An R package for analysis of the reliability of changes.
The idea of a reliable change is that some sequences of scores, which appear to show change (observed changes), do not reflect true changes. Usually, these sequences of scores are just a sequence of two scores, simplified to a difference score. The point of the ReliableTrendIndex package is that in principle, these sequences can be any length. Regardless of the length of the sequence of observations, only true changes matter, in this theory, and anything that is observed but not true change should be treated as if it is noise.
If you want to identify reliable changes, you are interested in separating those sequences of scores that contain true change from sequences that do not contain true changes. You cannot do this with perfect accuracy. You can only estimate likelihoods of underlying true change states: most commonly, the chance that the observations could occur if there was no true change at all.
The reliable change index (RCI) separates difference scores based on the chance that a difference at least as large as the observed one could be due to chance alone. It uses an estimate of measurement error from external data to evaluate this. Since the RCI only pertains to a difference score, it only accommodates two observation sequences. This is a limitation if you have more than one observation, since it will ignore the additional observations.
The reliable trend index (RTI) looks for reliability of trends, rather than change scores. That is, it takes all data points and compares the line of best fit to a perfectly unchanging line. It uses the same estimate of measurement error as the RCI (and therefore, if you don’t trust that estimate, don’t use either the RCI or RTI).
Both the RCI and RTI ask the question: “How likely is this sequence of scores if there is no true change in my data?” The central difference is that the RCI is a two-timepoint instance of the more general RTI.
The goal of this package is to provide a simple interface for computing the RCI and RTI given a data set. I intend it for my own personal use and as an educational/demonstration tool in this ongoing research endeavor.
If you are interested in contributing to this work in any way (including by pointing out mistakes or providing counterarguments), please get in touch with me: @andrewathan or GitHub.
I think the RTI is demonstrably better as an operationalization of reliable change than the RCI in almost any case with more than 2 data points. With two data points, it simplifies to the RCI. The chief added assumption with more time points is that linear change is a reasonably approximation of the true change (not that the path of scores is linear per se). So you have to be interested in an overall tendency to increase or decrease over the course of your observation period.

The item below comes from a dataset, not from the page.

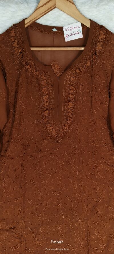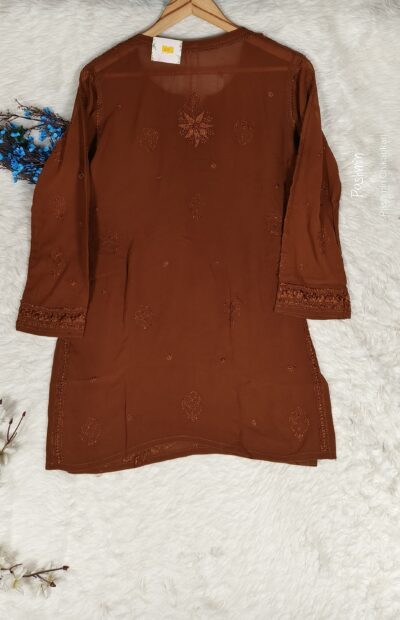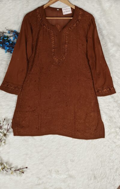 Chocolate Brown Chikankari Viscose Shadow Work Top

Nonlinearity of the true change process will make the RTI less sensitive, but still more accurate than the RCI. The RCI does not explicitly pay a penalty for nonlinear changes, it also fails to identify them either. If nonlinearity is a serious concern, the RCI will not be useful due to this reason.
In general, it is not my opinion that the RTI solves all of the RCI’s problems. There are many reasons not to be interested in reliable changes at all. But if you are, the RTI should be a usable solution.
I am providing this package publicly because it should be available to everyone who is interested in these issues, to discover strengths and weaknesses of this framework. Not because I think it is perfect. That is, errors might be present.
You can install the development version of ReliableTrendIndex from GitHub with:
# install.packages("devtools")
devtools::install_github("andrewmcaleavey/ReliableTrendIndex")
You could use this package just to have a standard way to access RCI and RTI-like functions. They’re not complex, and other packages exist to compute them. But it is easier to have them in one standard format than bother with always having to re-write these functions with varying levels of stability on a per-project basis, and putting them together will clarify their similarities.
However, this package should be used with caution. The idea of “reliable” change is questionably justified and has a strong tendency to confuse or mislead. Plus, mistakes may exist, so it is provided as-is.
Bugs and issues can be reported at the GitHub repo. If anyone would like to contribute, please be in touch!
Jacobson & Truax defined the RCI as $$RC = \frac{x_2 - x1}{S{diff}}$$ The term $x_2 - x1$ is the observed change, which is treated as an unbiased estimate of true change. $S{diff}$ is the standard error of the difference score, the appropriate error term for a difference score if the assumptions of the model are accurate. Notably, this is based on data external to the person in question.
The RTI is defined as $$RT = \frac{b}{s{e}}$$ Here, $b$ is the linear time effect (slope) estimate from a regression of all available data points and $s{e}$ is the appropriate standard error for that slope, estimated from external data and using the same assumptions as the RCI. However, $s{e}$ will be smaller than $S{diff}$ as a function of the number of observations. The logic of this is that the more observations of a series, the less likely a random series is to have a notably increasing or decreasing linear trend so the plausible error decreases.
Note that the definition of the RTI is also more obviously model-sensitive than the RCI, because more data points means more options for models (the RCI is model-dependent as well, but its model makes intuitive sense given a difference score). Depending on the number of observations, the RTI will be defined differently:
library(ReliableTrendIndex)
#> Loading required package: dplyr
#>
#> Attaching package: 'dplyr'
#> The following objects are masked from 'package:stats':
#>
#> filter, lag
#> The following objects are masked from 'package:base':
#>
#> intersect, setdiff, setequal, union
#> Loading required package: ggplot2
#> Loading required package: magrittr
#>
#> You loaded ReliableTrendIndex
#> Think about your choices: would you rather develop a meaningful clinical test?
#> Or is reliability really the best possible idea?
To calculate the RCI for an individual, we can do the following:
## here is the example case provided by Jacobson & Truax (1991):
knitr::kable(jt_example_data_1)
obs | time |
---|---|
47.5 | 0 |
32.5 | 1 |
We will use that data to compute a simple RCI.
The difference score for this person is 47.5 - 32.5
, or 15
.
The scale’s standard error of the difference score, as computed by the
authors, is 4.74
.
jt_rci_calc(difference = 15, sdiff = 4.74)
#> [1] 3.164557
That value, 3.16, is the person’s RCI, according to Jacobson & Truax. Since it is greater than their suggested cutpoint of 1.96 (which conveys 5% chance of Type I error under the assumptions of the RCI), we would conclude that this change is “reliable.”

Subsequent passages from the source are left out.